Analysts are seeking to assess the implications of the latest run of bad news out of Macau, with Morgan Stanley remaining cautious, but concluding that recent events may not be as bad as initially feared.

Sentiment has been shaken over the past few weeks by another scandal involving a junket operator, more restrictions on China UnionPay, big losses and a bearish outlook from Neptune Group and the possibility of more junket regulation.

UnionPay plans to limit withdrawals by Chinese debit card users to up to RMB100,000 ($15,700) per card annually overseas from January 1, 2016.  

There is no change to the daily limit of RMB10,000 in cash withdrawals, unlimited debit card usage through swiping and up to RMB1 million credit limit per card.

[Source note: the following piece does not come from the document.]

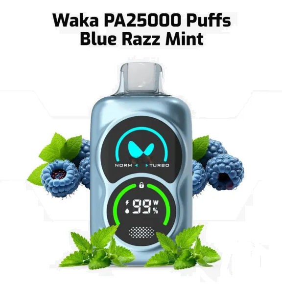 Waka Blue Razz Mint 25000pfs 50mg disposable vape is designed to elevate your vaping experience with an incredible 25,000 puff count and 50mg nicotine strength. Built for both convenience and performance, it offers a rich and smooth hit with dual mesh coil technology for consistent flavor in every puff. This high-capacity device comes equipped with a double screen, allowing you to effortlessly monitor battery life and liquid levels. Each puff provides bold, premium flavor, making it a great choice for long-lasting satisfaction..

Morgan Stanley says this is negative for regular premium mass players who withdraw cash from ATM machines to buy chips from cage or tables and were frequent visitors.

“For others, it is not as bad. Most customers have several cards and are also using pawnshops/credit cards to access cash for gambling with no additional restrictions. On a relative basis, this impacts Macau more than other global tourist destinations where Chinese visitors can swipe the card to buy merchandise.”

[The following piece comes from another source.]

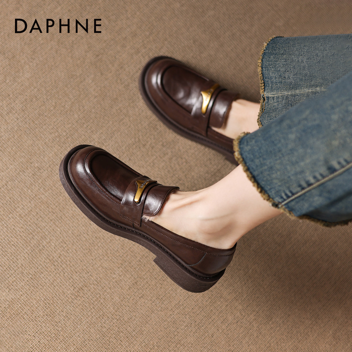 达芙妮加绒乐福鞋女厚底英伦风

Bernstein Research analysts agreed, saying it will add incremental headwinds to the mass market in Macau, and in particular premium mass, but may not be that severe.

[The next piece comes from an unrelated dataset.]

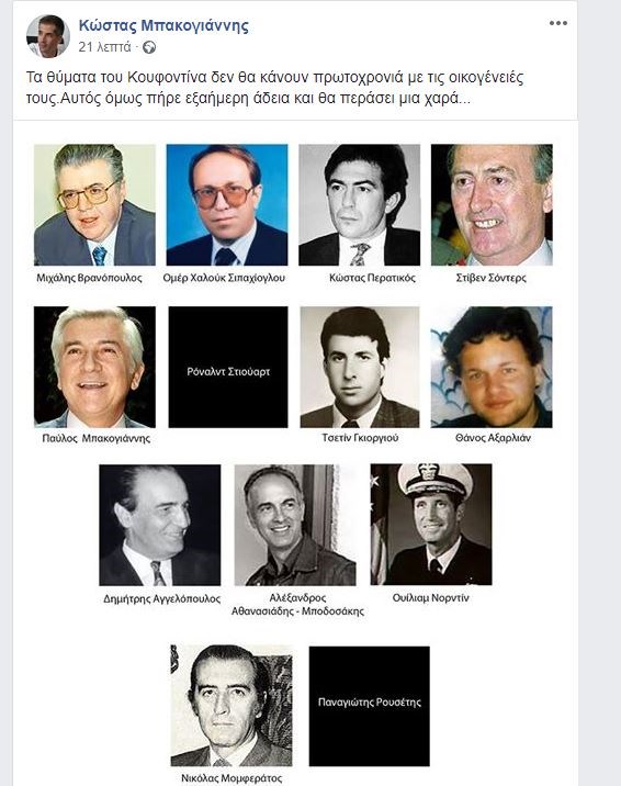Την έντονη αντίδραση του περιφερειάρχη Στερεάς Ελλάδας και υποψήφιου Δημάρχου Αθηναίων Κώστα Μπακογιάννη προκάλεσε η απόφαση να χορηγηθεί νέα άδεια στον Δημήτρη Κουφοντίνα. “Τα θύματα του Κουφοντίνα δεν θα κάνουν πρωτοχρονιά με τις οικογένειές τους.Αυτός όμως πήρε εξαήμερη άδεια και θα περάσει μια χαρά…” έγραψε ο Κώστας Μπακογιάννης στο Facebook, συνοδεύοντας την ανάρτησή του με μια φωτογραφία από τα θύματα του αρχιεκτελεστή της 17 Νοέμβρη. Ανάμεσα σε αυτά, και ο πατέρας του, Παύλος Μπακογιάννης….

“As many customers have multiple UnionPay cards, the net result of the new limits on gameplay may be limited; the risk is that players may have additional concerns about utilizing UnionPay for cash withdrawals as it may be subject to greater government oversight,” Bernstein said in a separate note.

Meanwhile junket Neptune’s reported net loss of HK$959mn in 2HFY15 was seen as a further negative for the VIP sector. The group, which has a 10 percent market share, also closed down 22 tables at StarWorld and now operates only 59 tables - 3 percent of total VIP tables in Macau.

“We believe this is negative for VIP business in Macau,  which we expect to decline by 47%/7% in 2015/16, but somewhat backward looking,” Morgan Stanley says.

For Bernstein, the group’s threats to exit the business altogether should the environment not improve are probably “indicative” of the thinking of other operators and aimed at the Macau government, which is also considering further regulation.

“Long-term, tighter government oversight can help restore the confidence and trust within the junket space. However, it would also lead to significant reduction in junket involvement in Macau's VIP business,” it said, adding it’s difficult to see any silver lining in potential regulation that actually has teeth.


“If increased regulations were implemented, the junket system would by its very nature have to evolve into something that looks very different from the junket system of today,” Bernstein said.